Y’all, it has been A WEEK. Actually, it’s been a couple of weeks, and I’m exhausted.
It will end eventually. But man, I’m getting sick and tired of feeling like I’m standing on the ocean shore and getting knocked down by a new wave every time I manage to stand back up and gulp some air.
I won’t bore you with the details of all my very pedestrian issues — doubt about our ability to stay long-term in this house that we love, antagonism at work that seems to have popped up out of nowhere, grouchiness from those close to me that amplifies my own, and now being on the second day of feeling pretty sick — you know what? Maybe I did want to bore you with details.
So while I recognize that none of the above are tragedies, I still can’t help feeling kind of sorry for myself, like I’m in the bowl of a molcajete that people have unexpectedly shown up to grind me down to a salsa in (no need to add salt; I brought my own tears!).

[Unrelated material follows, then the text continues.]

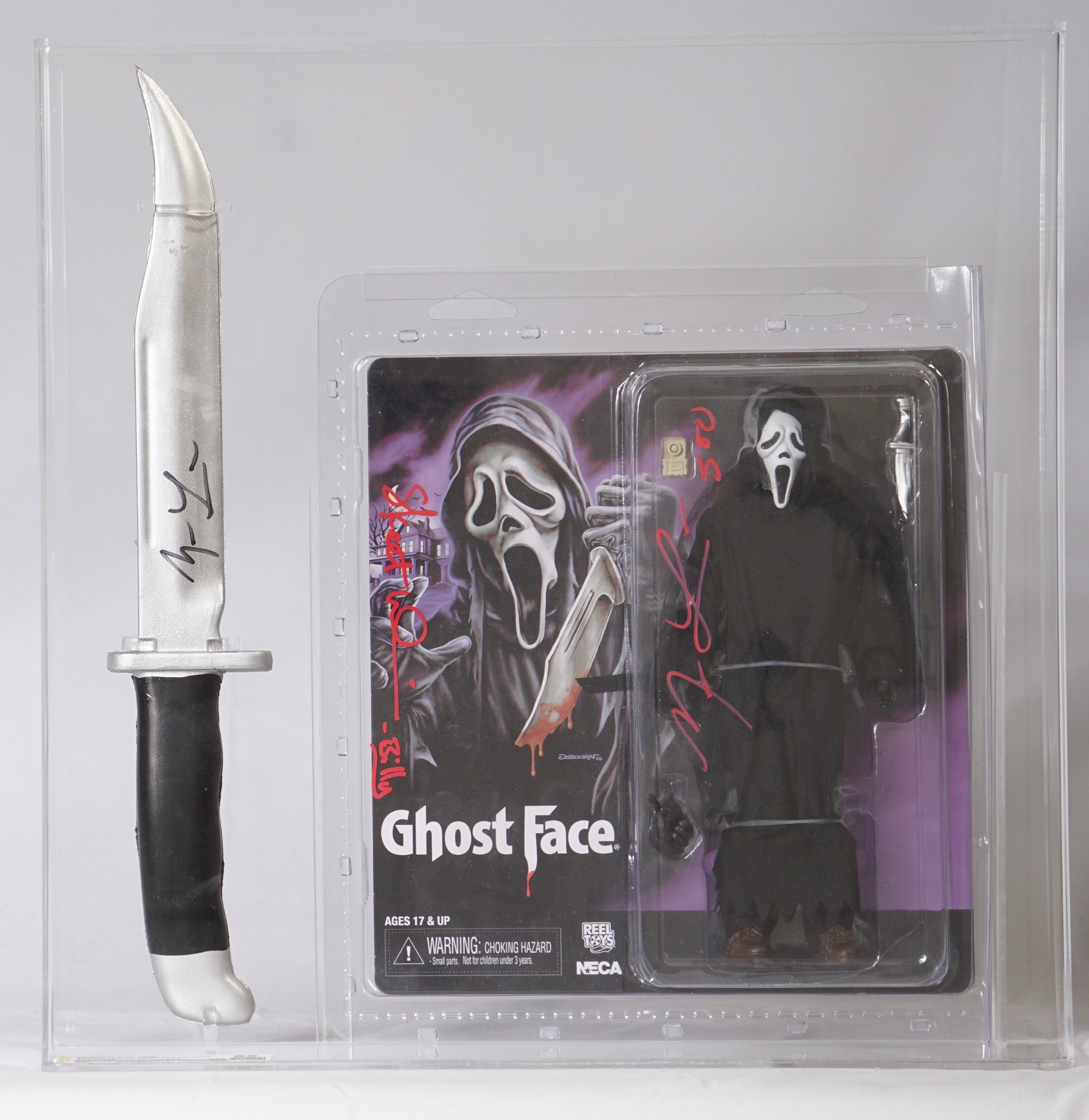 2014 Neca Reel Toys Carded Action Figure - Ghost Face (Displayed with Knife) Signed by Matthew Lillard & Skeet Ulrich

Anyway, it’s not all in vain! Because it made me think of a great new word (well, variations of a phrase, I guess) to teach you in Spanish.

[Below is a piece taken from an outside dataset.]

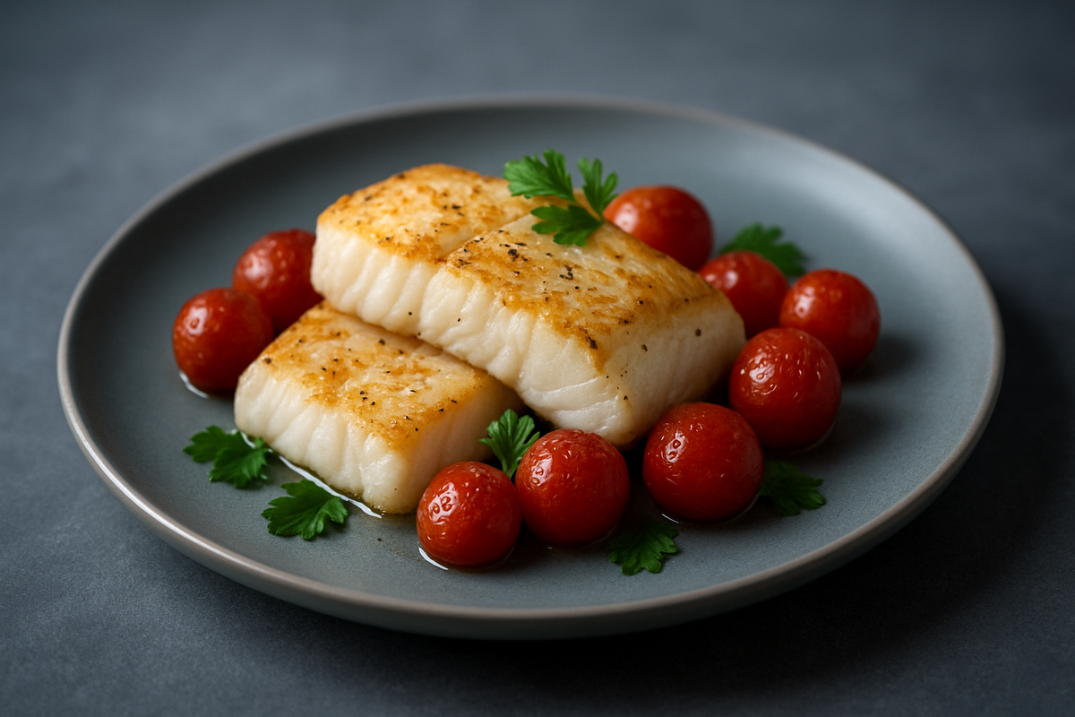 Духовку разогреть до 200°C. Филе промокнуть, слегка приправить лимонным соком, измельченным чесноком и травами. Выложить в форму для запекания, добавить помидоры черри и полить маслом. Запекать 12-15 минут, пока рыба не станет непрозрачной и легко расслаивается. Перед подачей рекомендуется дать блюду немного остыть и полить образовавшимся соком.
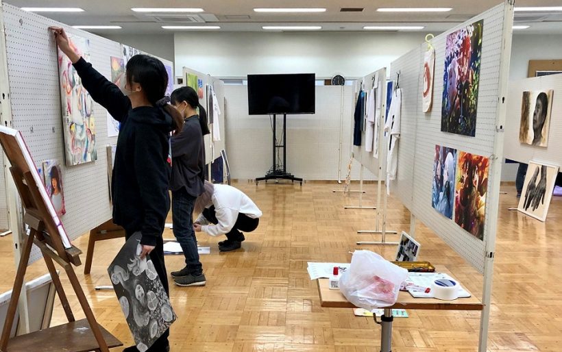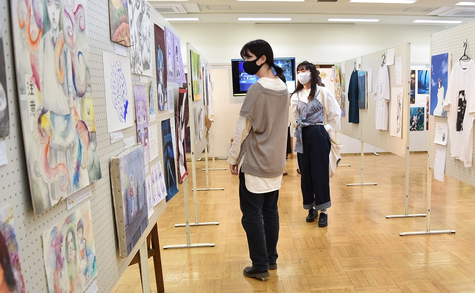 授業の課題作品や自主制作の作品を展示することでお互いに刺激を受け、

Mexico, and I suspect other Latin American countries, though I can’t speak as authoritatively on them, is a pretty superstitious place. Babies are adorned with red bracelets for protection and luck. People of all ages wear evil eye protection emblems. And everyone tries real hard not to knock over the salt.
Humans are superstitious creatures in general — we can’t help but believe in magic, as the pain of there being no order or meaning to both our good and bad fortune is too much to bear for most of us.
One thing you can do, at least, is to not spill any salt; and if you do, to throw some over your shoulder to…reverse the effect?
In Mexico, people say echarle la sal (a alguien) (literally, “to throw salt at someone”), whicm means to take away someone’s good luck. Likewise, it’s common to hear (from me, after these past couple of weeks), Estoy bien salado/a. “I’m really salty,” its literal translation in English, of course means something different; the true translation is, “I’m really unlucky (right now).” (I added the “right now” because of the verb estar, which is a more temporary form of the verb “to be” than ser.)
While I know logically that no feeling, good or bad, lasts forever, at this very moment I feel incredibly sure that that’s simply not true. I’m stuck here. This is where I live now, and I might as well settle down and pick out some nice throw pillows and maybe some frilly curtains for my new forever home, The Pits.
Soon, my friends, I will no longer be salada. I have faith. But maybe I should think of investing in a little something to ward off el mal de ojo.





While listing your pedestrian complaints you snuck in being profound. How did you do that Sarah?
Your piece brings to mind a Doc Watson song with lyrics that say, "Clouds are gwine roll away, now, the clouds gwine roll away." I hope your clouds roll away soon, dear Sarah. At least we can be glad we live in México, right?